Set down exactly the lines from the first line of the records through the line that contains "Depress the button", and leave every picture out.

==== Material supplied ====

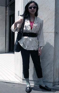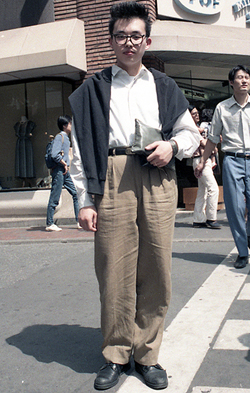 セルロイド製のフレームのものすべて。金属製のフレームは色が金・銀・黒でレンズが透明なもの以外は含む。ポケットにさしているもの、チェーンで吊しているもの、手に持っているものも含む。
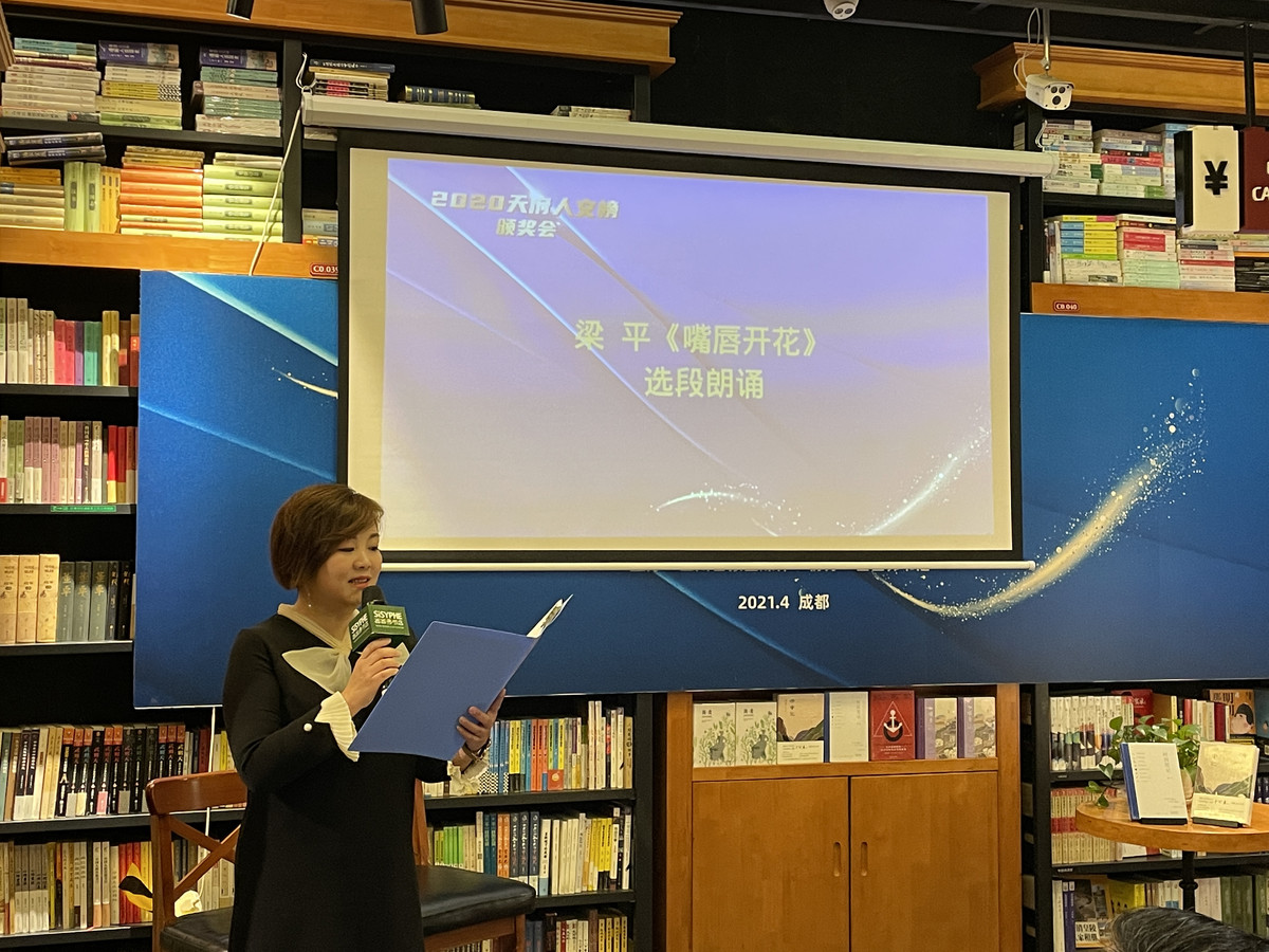 “我就是要和病魔战斗到底,正像当年我作地下革命斗争不畏死一样……”“云中村出现了。离开了三年多时间的云中村出现在眼前。残墙连着残墙……”“三个邮戳发往南方,南方海蓝得诗意。波音从天而降,寄存我忘了保险的邮件……”“通过战疫文艺特有的感染力、影响力,做到知民情、解民忧、纾民怨、暖民心,凝聚起全民族众志成城抗疫情的磅礴力量,书写了中国人民与重大传染性疾病作斗争的伟大篇章。”4月23日上午,伴随着朗诵家们深情的诵读,“2020天府人文榜颁奖会暨名家阅读分享会”在经典文学作品中散发阵阵书香。
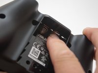 Depress the button on the battery compartment. Pull the compartment away from the controller and then slide it out.
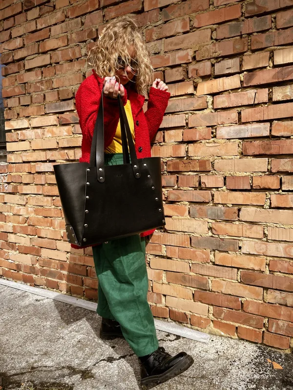 Torebka Shopperka duża, kolekcja „Katowice", kolor czarny, wykończenia srebrne, skóra naturalna Nieszablonowa wersja popularnej damskiej torebki typu Shopper bag lub siostrzanej wersji Tote Bag. To połączenie klasycznej formy z artystyczną rzemieślniczą kreacją. Prosty krój z charakterystycznie wystającymi brzegami, w surowym stylu, wykończony jest nitami, które nadają jej „ostrego" charakteru. Gruba skóra, z której została uszyta sprawia, że torebka jednocześnie wygląda bardzo elegancko. W środku znajduje się wewnętrzna, skórzana kieszonka, do której swobodnie schowasz telefon, pomadkę, kluczyki i inne drobne przedmioty. Shopperka NALA swobodnie mieści format A4, jest bardzo pakowna jednocześnie wygodna i poręczna. Precyzyjnie dobrana długość solidnych uszek, umożliwia swobodne noszenie je na ramieniu i trzymanie w dłoni. Torebka zamykana jest od wewnątrz na guziki typu napa. Opis produktu: Wymiary torebki: długość: 39 cm (podstawa) - 46 cm (na górze) x wysokość: (głębokość) 27 cm x szerokość: (boki) 11-20 cm Długość pasków: 58 cm Waga: 1,2 kg Materiał: skóra naturalna garbowana roślinnie Grubość skóry: 1,8 mm Kolor: czarny Szew: kolor czarny Okucia: napy, nity kolor srebro Wnętrze torebki: wykończona mizdra, brak podszewki, wewnętrzna kiszonka ze skóry naturalnej Wymiary wewnętrznej kieszonki: wysokość: 12,5 cm x długość: 17,5 cm Zapinanie: 2 guziki typu napa Pielęgnacja i czyszczenie: Wszelkie informacje znajdziesz w zakładce "pielęgnacja i czyszczenie" -> KLIK
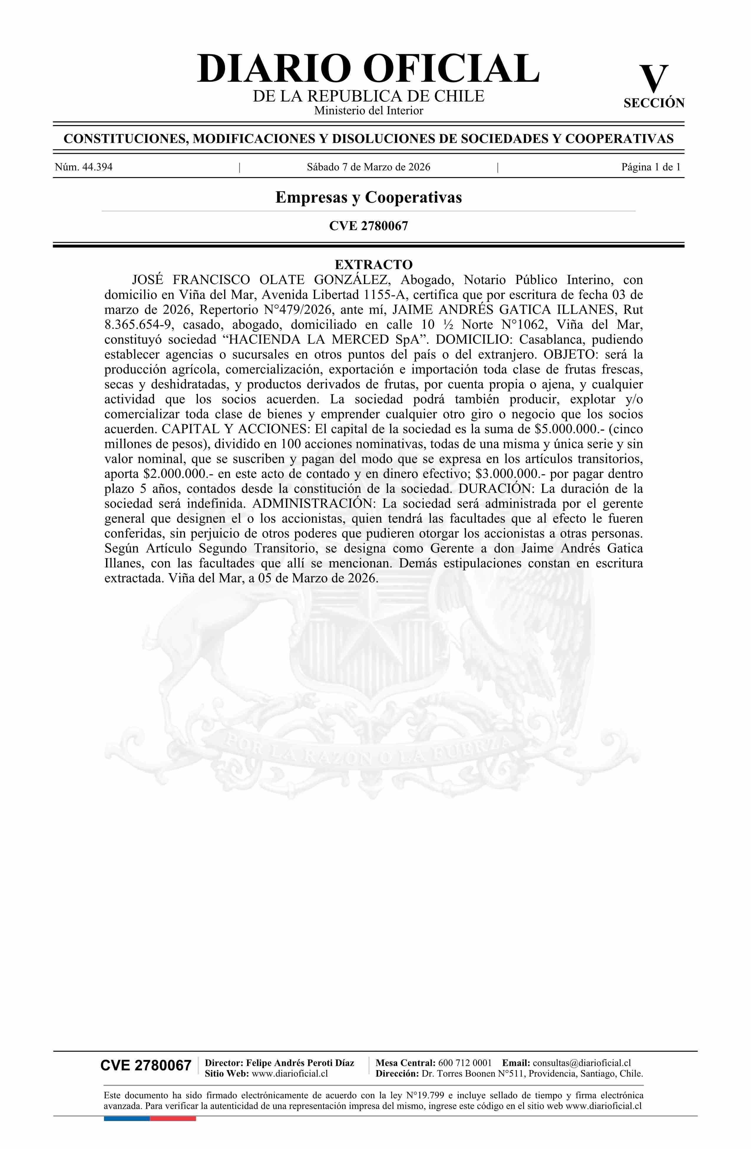 Título: HACIENDA LA MERCED SpA
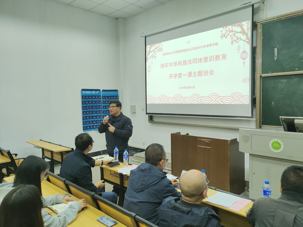 3月10日,我校民族团结进步示范班在第一图书馆G101教室举行2023年春季学期铸牢中华民族共同体意识主题教育“开学第一课”主题班会。校党委副书记、民族团结进步示范班班主任魏宏出席班会并为同学们上开学第一课。
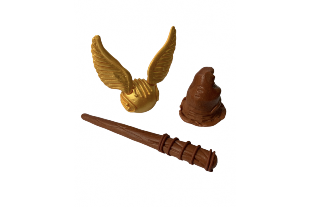 Cukrová dekorace na dort sada Harry Potter. V balení: Klobouk, zlatá střela a hůlka.Překrásná dekorace pro milovníky Harryho Pottera vykouzlí z každého dortu kouzelnou
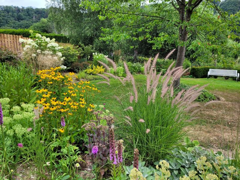 @Buddelkönigin: Neben der Üppigkeit deiner Beete bewundere ich am meisten den Hintergrund, den Ausblick in die freie Landschaft. (Der Schutz durch den umgebenden Wald hier hat zwar auch seine Vorteile, manchmal wünscht man sich dennoch einen freieren Blick.)
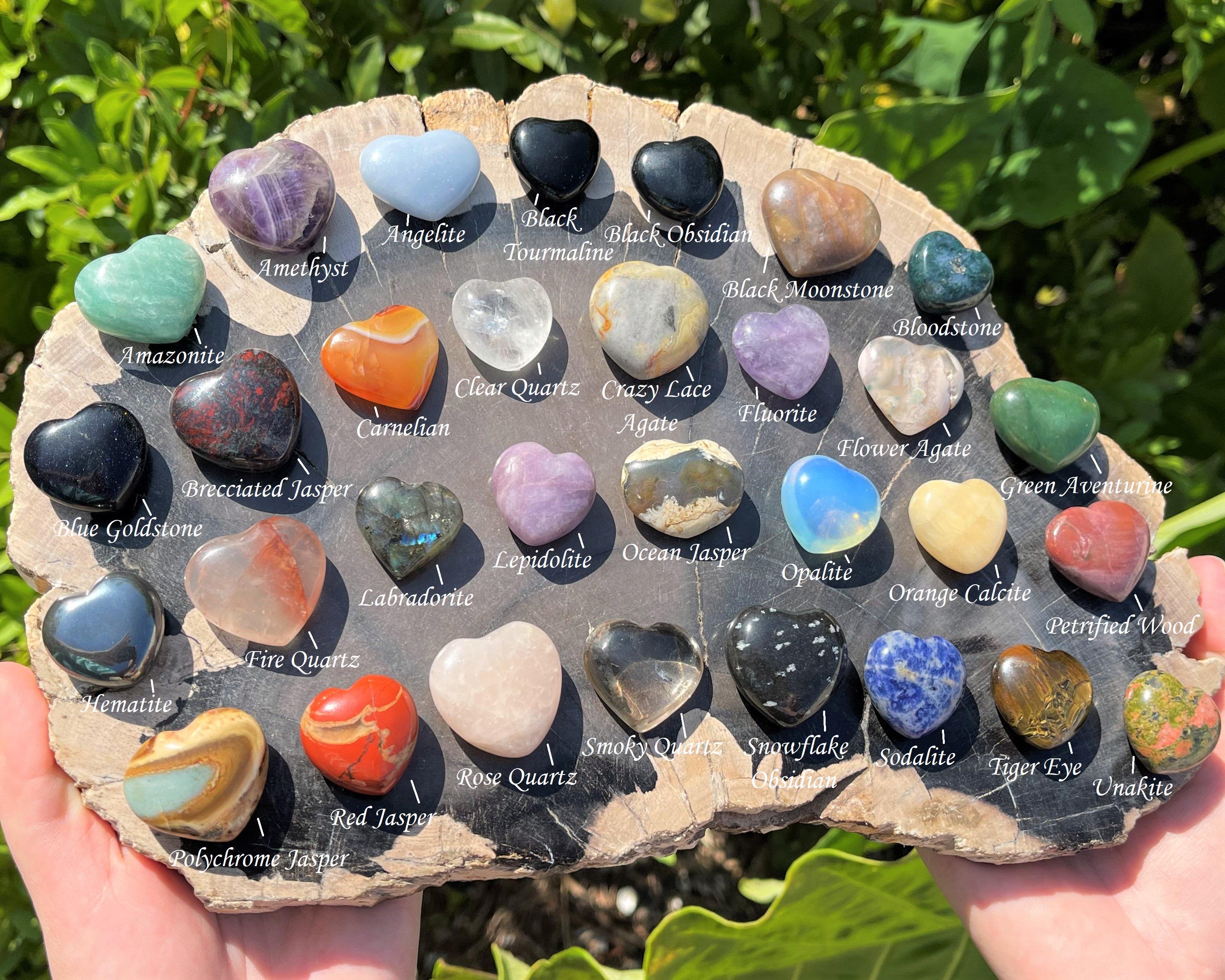 About Crystal Hearts: Crystal Hearts are carved from a very wide range of minerals, crystals, and gemstones that are found in nature - and an odd few types of hearts that are man made (Opalite, Goldstone and one or two others). They are perfect for not only relationships (old and new!) but also self love. Many Keep them at home and at work and also carry them with them throughout the day - just looking at them and feeling their energy can make you feel better! Great for both chakra work and meditation, crystal hearts help you to focus not only on your emotions but also on your thoughts - they bring calmness and serenity - healing benefits indeed!
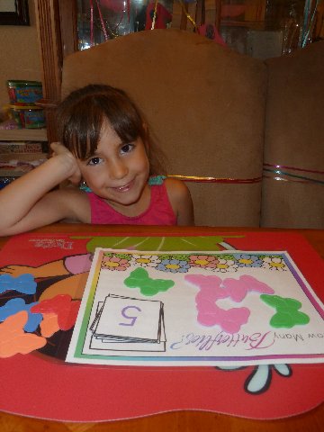 I had her work on a white board and we wrote out the problems together. I wrote __ +__ = for her and she would fill in the numbers based on cards she would flip over from her pile (I only had her use numbers 0-5 this time) and then she would count the butterfly to add them up and write the answer.
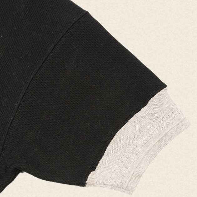 襟周り、袖リブには別途編み立てた横付属を使用し、前立てには天竺を使用しております。
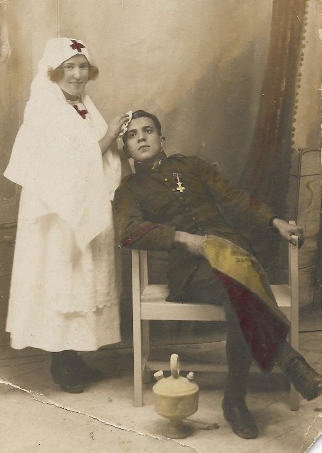 Una pose fingida: el soldado herido con la bandera, y un curioso botijo a los pies, es atendido por una solícita y sonriente enfermera.

====

#### Written solution:
 セルロイド製のフレームのものすべて。金属製のフレームは色が金・銀・黒でレンズが透明なもの以外は含む。ポケットにさしているもの、チェーンで吊しているもの、手に持っているものも含む。
 “我就是要和病魔战斗到底,正像当年我作地下革命斗争不畏死一样……”“云中村出现了。离开了三年多时间的云中村出现在眼前。残墙连着残墙……”“三个邮戳发往南方,南方海蓝得诗意。波音从天而降,寄存我忘了保险的邮件……”“通过战疫文艺特有的感染力、影响力,做到知民情、解民忧、纾民怨、暖民心,凝聚起全民族众志成城抗疫情的磅礴力量,书写了中国人民与重大传染性疾病作斗争的伟大篇章。”4月23日上午,伴随着朗诵家们深情的诵读,“2020天府人文榜颁奖会暨名家阅读分享会”在经典文学作品中散发阵阵书香。
 Depress the button on the battery compartment. Pull the compartment away from the controller and then slide it out.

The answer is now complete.